A "palanka" was a type of wooden fort constructed of palisades, built by the Ottoman Empire in the Balkans during the 16th and 17th centuries. They could be erected for a variety of reasons such as protecting a strategically valuable area or a town Some palankas evolved into larger settlements.

== Carolingian Empire ==
 The Carolingian Empire adapted similar Greek/Roman styles of military fortification including the building of palisades as one measure of a layered defensive and offensive technique. These assumptions have largely relied on textual reference and architectural similarities. Archaeological parallels have provided further evidence of their use in the Medieval era. The Siege of Pavia, to conquer the Kingdom of the Lombards, is an example of effective Frankish adoption of wooden palisades to surround a city as a barrier to isolate and force surrender.
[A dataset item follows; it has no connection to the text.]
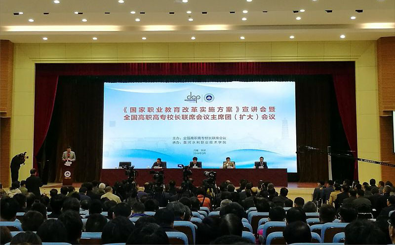 近日,《國家職業(yè)教育改革實施方案》宣講會暨全國高職高專校長聯(lián)席會議主席團(擴大)會議在黃河水利職業(yè)技術學院召開。教育部職業(yè)教育與成人教育司副司長謝俐出席會議。學院黨委書記、院長趙明與全國高職高專校長聯(lián)席會議主席團成員、全國高職高專院校負責人代表等700余人參加會議。會議由全國高職高專校長聯(lián)席會議主席、中國職業(yè)技術教育學會副會長、天津職業(yè)大學原校長董剛主持。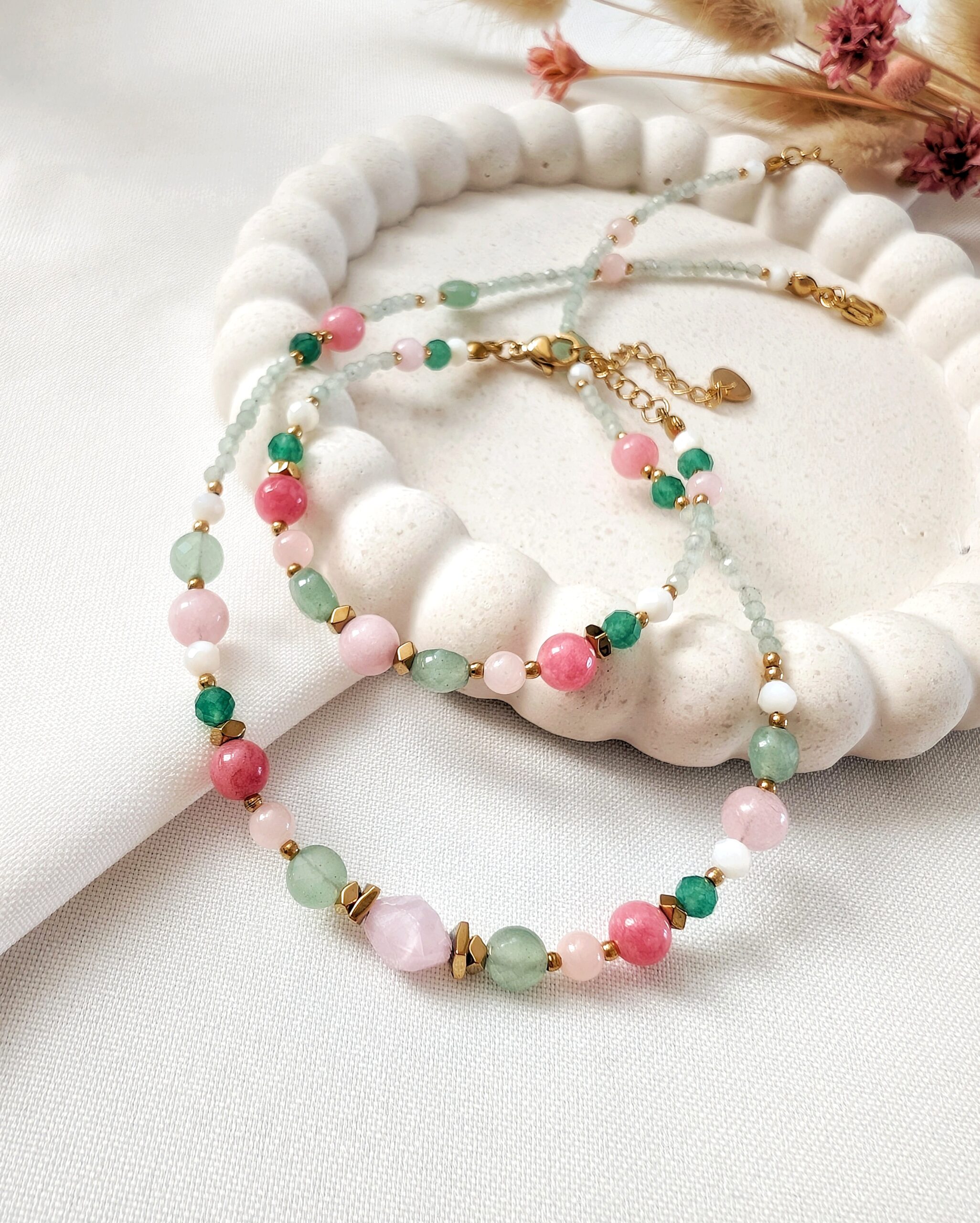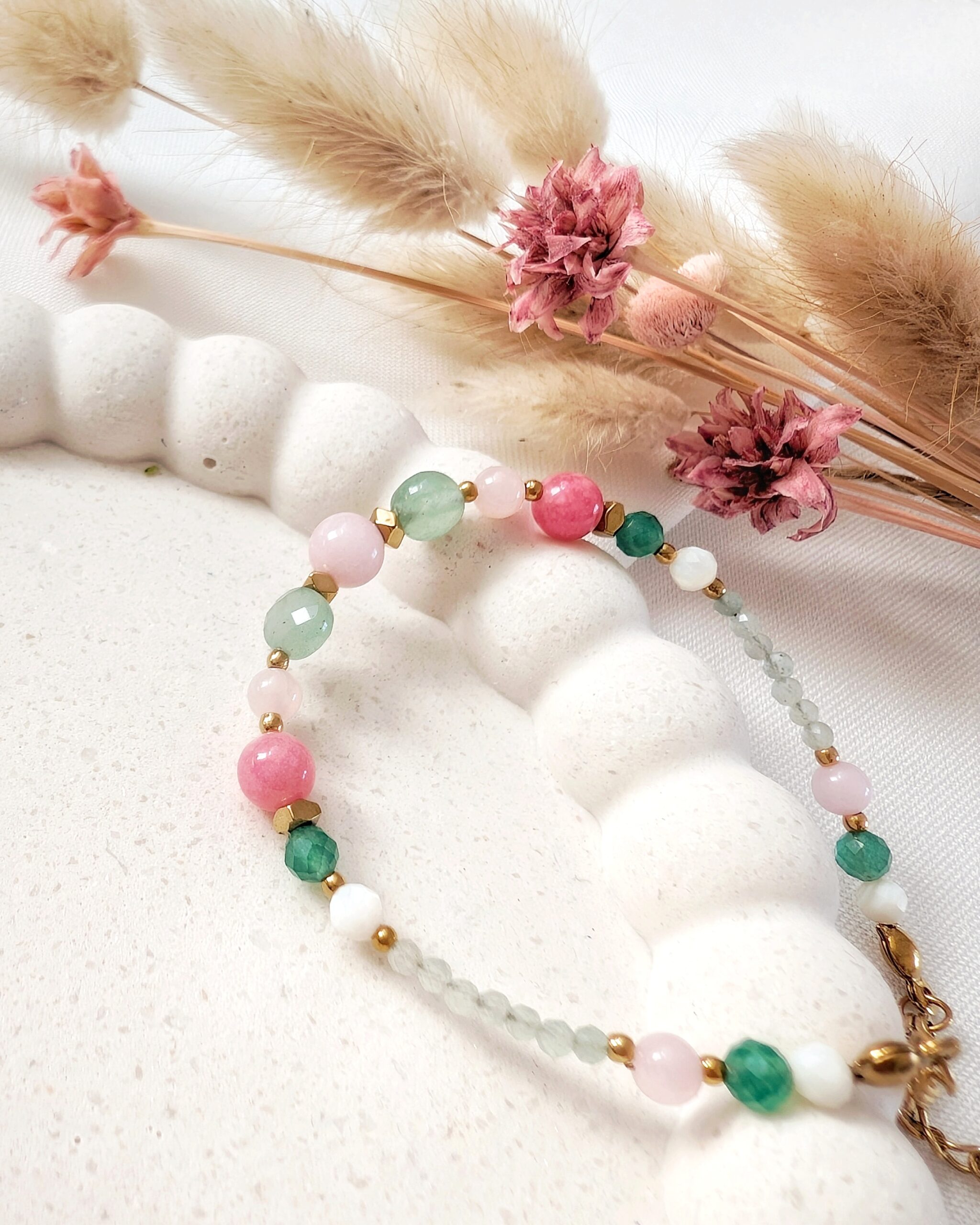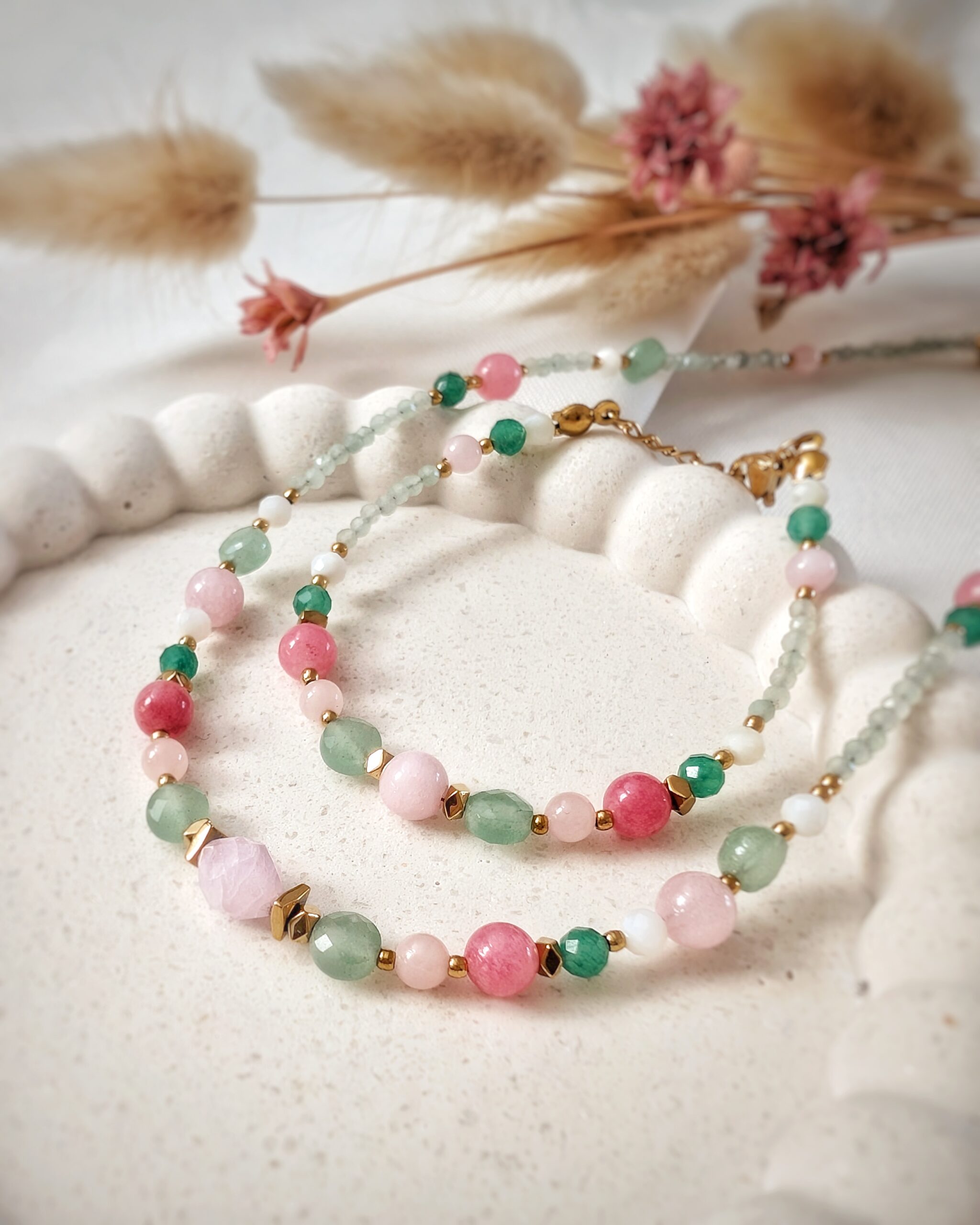 W tej kompozycji spotykają się zielony awenturyn i różowe jadeity. Kamienie, które razem tworzą paletę przypominającą kwietną łąkę skąpaną w słońcu.

Although wooden fortifications often decay, one of the best-preserved Carolingian hill forts that demonstrates use of palisade construction is in Büraburg, Germany, revealing earth ramparts topped with wooden palisades.

== New Zealand ==
The Māori people of New Zealand used wooden palisades paired with ditches to create strong defensive land boundaries for fortified villages known as pā. Many pā featured multiple rows of palisades, sometimes reinforced with tightly bound wooden posts and positioned at different heights to slow attackers and expose them to counter-attacks from defenders above. This was particularly effective with the introduction of muskets to Māori warfare tactics. At the siege of Kaiapoi Pā in the early 1830s during the Musket Wars, Ngāi Tahu historical accounts describe how warriors from Ngāti Toa were unable to breach the pā by force alone due to its thick timber double palisades. They eventually set fire to the outer palisades, weakening the structure and allowing entry.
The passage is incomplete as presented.